> [Instructions to follow] The lines to return run from the start of the material below through the line holding "Hecken- und Formschnitt", both included; please give them back exactly, minus the pictures.

** Opening Collected data block **

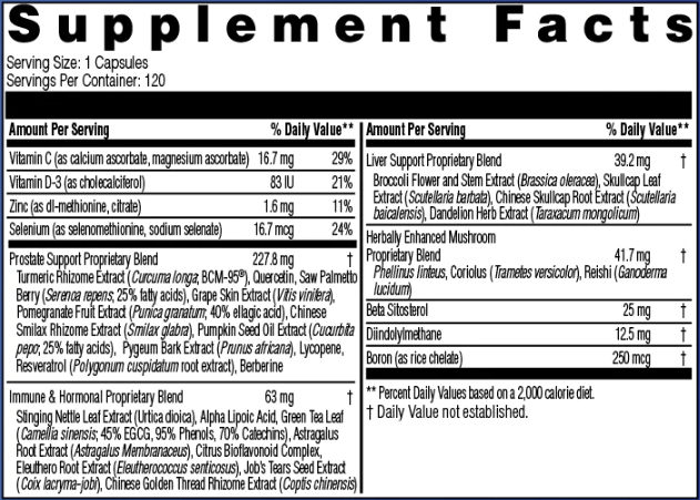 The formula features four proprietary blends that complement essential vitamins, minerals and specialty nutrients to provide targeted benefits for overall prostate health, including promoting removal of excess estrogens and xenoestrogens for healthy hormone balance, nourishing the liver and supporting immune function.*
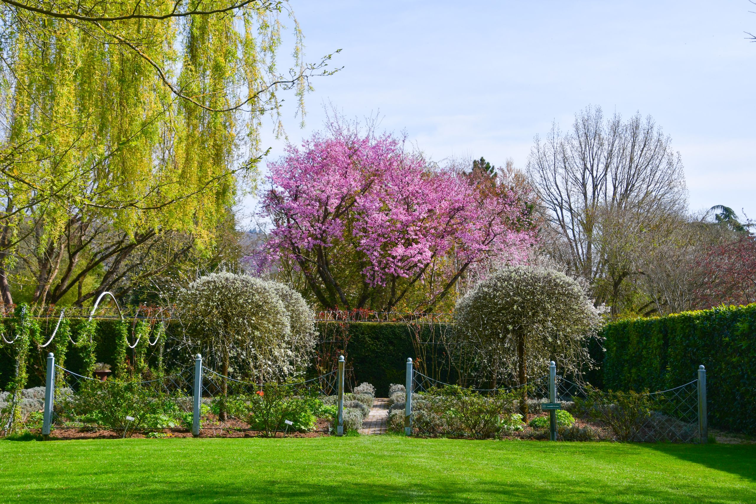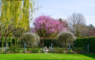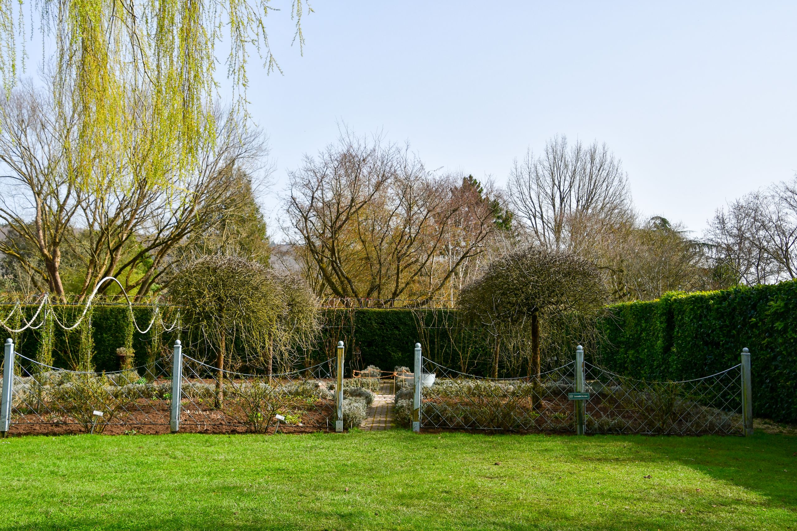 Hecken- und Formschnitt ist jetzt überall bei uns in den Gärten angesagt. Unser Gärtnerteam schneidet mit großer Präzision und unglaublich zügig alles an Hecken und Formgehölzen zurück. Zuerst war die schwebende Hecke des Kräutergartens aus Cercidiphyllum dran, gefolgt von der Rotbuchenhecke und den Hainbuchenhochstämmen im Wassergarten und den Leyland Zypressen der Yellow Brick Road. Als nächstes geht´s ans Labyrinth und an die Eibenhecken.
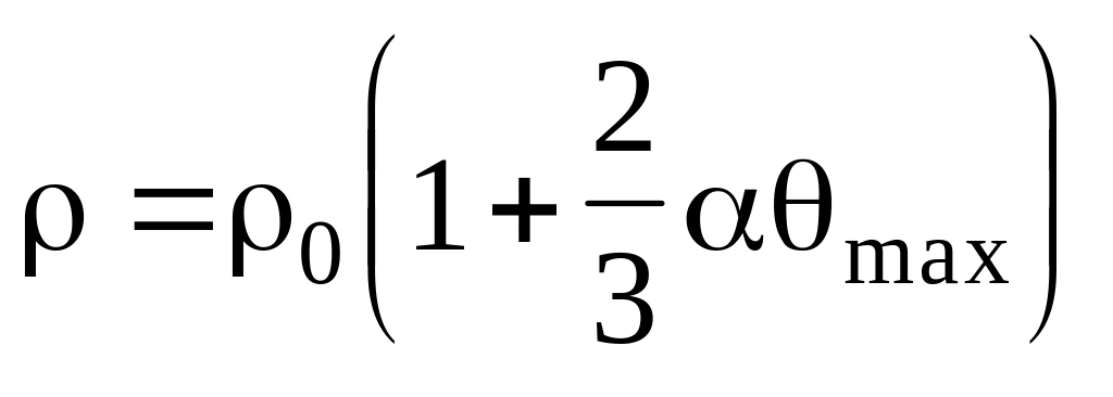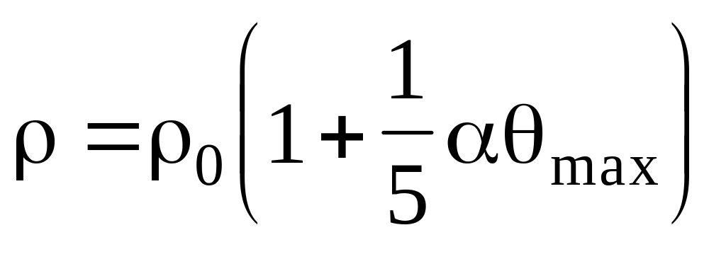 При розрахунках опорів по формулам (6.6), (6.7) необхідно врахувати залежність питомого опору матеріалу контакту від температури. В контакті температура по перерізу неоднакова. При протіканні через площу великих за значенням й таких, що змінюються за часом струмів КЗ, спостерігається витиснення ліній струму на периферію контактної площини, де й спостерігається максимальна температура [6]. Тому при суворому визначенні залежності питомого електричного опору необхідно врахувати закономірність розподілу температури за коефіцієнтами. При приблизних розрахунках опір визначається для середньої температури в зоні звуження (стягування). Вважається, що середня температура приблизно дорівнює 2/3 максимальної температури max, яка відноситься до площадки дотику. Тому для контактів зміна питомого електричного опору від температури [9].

** Closing Collected data block **

> [Expected answer]
 The formula features four proprietary blends that complement essential vitamins, minerals and specialty nutrients to provide targeted benefits for overall prostate health, including promoting removal of excess estrogens and xenoestrogens for healthy hormone balance, nourishing the liver and supporting immune function.*
 Hecken- und Formschnitt ist jetzt überall bei uns in den Gärten angesagt. Unser Gärtnerteam schneidet mit großer Präzision und unglaublich zügig alles an Hecken und Formgehölzen zurück. Zuerst war die schwebende Hecke des Kräutergartens aus Cercidiphyllum dran, gefolgt von der Rotbuchenhecke und den Hainbuchenhochstämmen im Wassergarten und den Leyland Zypressen der Yellow Brick Road. Als nächstes geht´s ans Labyrinth und an die Eibenhecken.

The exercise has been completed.